- PROBLEM: In the material below, find the line containing "Digestion problems,Woman with" and the line containing "главное — научить". Output those two lines and all lines between them exactly, without pictures.

- GIVEN ENTRIES:
..........

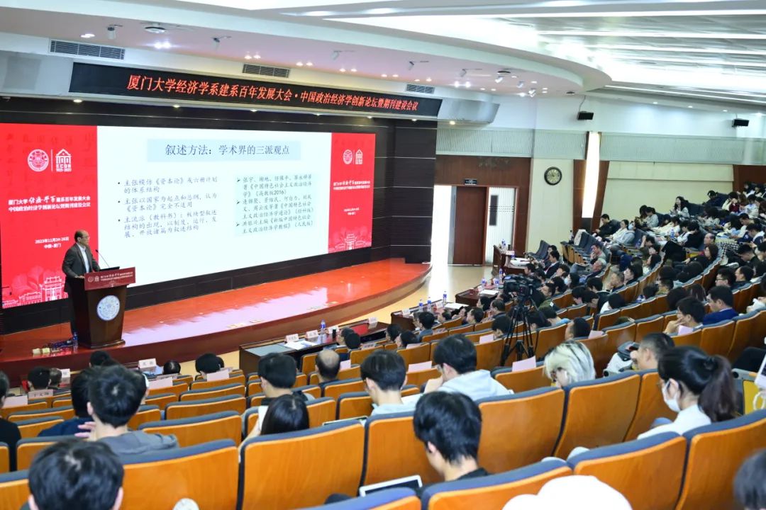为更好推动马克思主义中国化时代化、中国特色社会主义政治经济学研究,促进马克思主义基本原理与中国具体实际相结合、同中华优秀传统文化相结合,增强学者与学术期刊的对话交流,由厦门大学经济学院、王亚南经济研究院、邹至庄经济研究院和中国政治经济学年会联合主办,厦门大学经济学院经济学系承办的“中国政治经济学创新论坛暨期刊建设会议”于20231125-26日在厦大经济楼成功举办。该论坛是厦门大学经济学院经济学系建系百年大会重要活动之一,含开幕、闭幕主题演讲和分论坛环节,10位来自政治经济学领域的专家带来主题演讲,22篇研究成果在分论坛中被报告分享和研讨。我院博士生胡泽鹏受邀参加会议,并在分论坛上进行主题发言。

..........

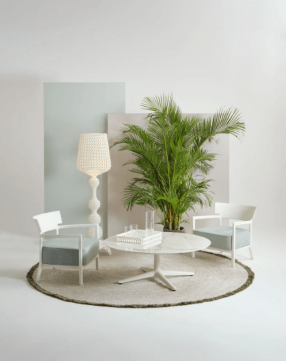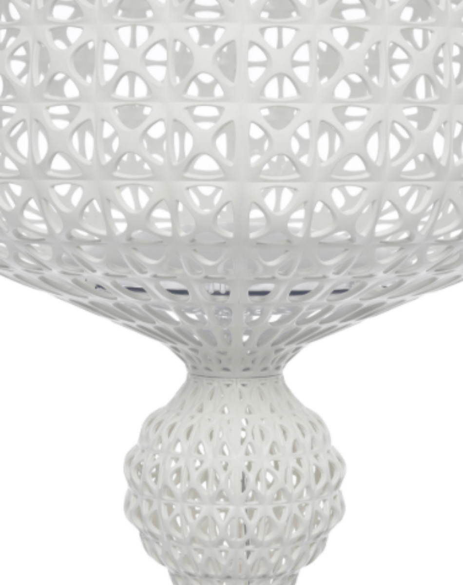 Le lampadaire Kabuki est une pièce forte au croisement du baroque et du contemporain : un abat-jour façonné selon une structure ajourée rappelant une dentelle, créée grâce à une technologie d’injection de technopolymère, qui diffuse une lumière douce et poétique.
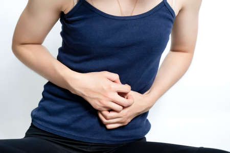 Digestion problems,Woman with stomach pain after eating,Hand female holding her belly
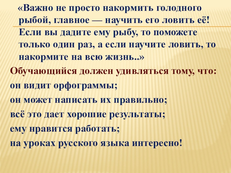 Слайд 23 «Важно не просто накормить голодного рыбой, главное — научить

..........

- PROBLEM SOLUTION:
 Digestion problems,Woman with stomach pain after eating,Hand female holding her belly
 Слайд 23 «Важно не просто накормить голодного рыбой, главное — научить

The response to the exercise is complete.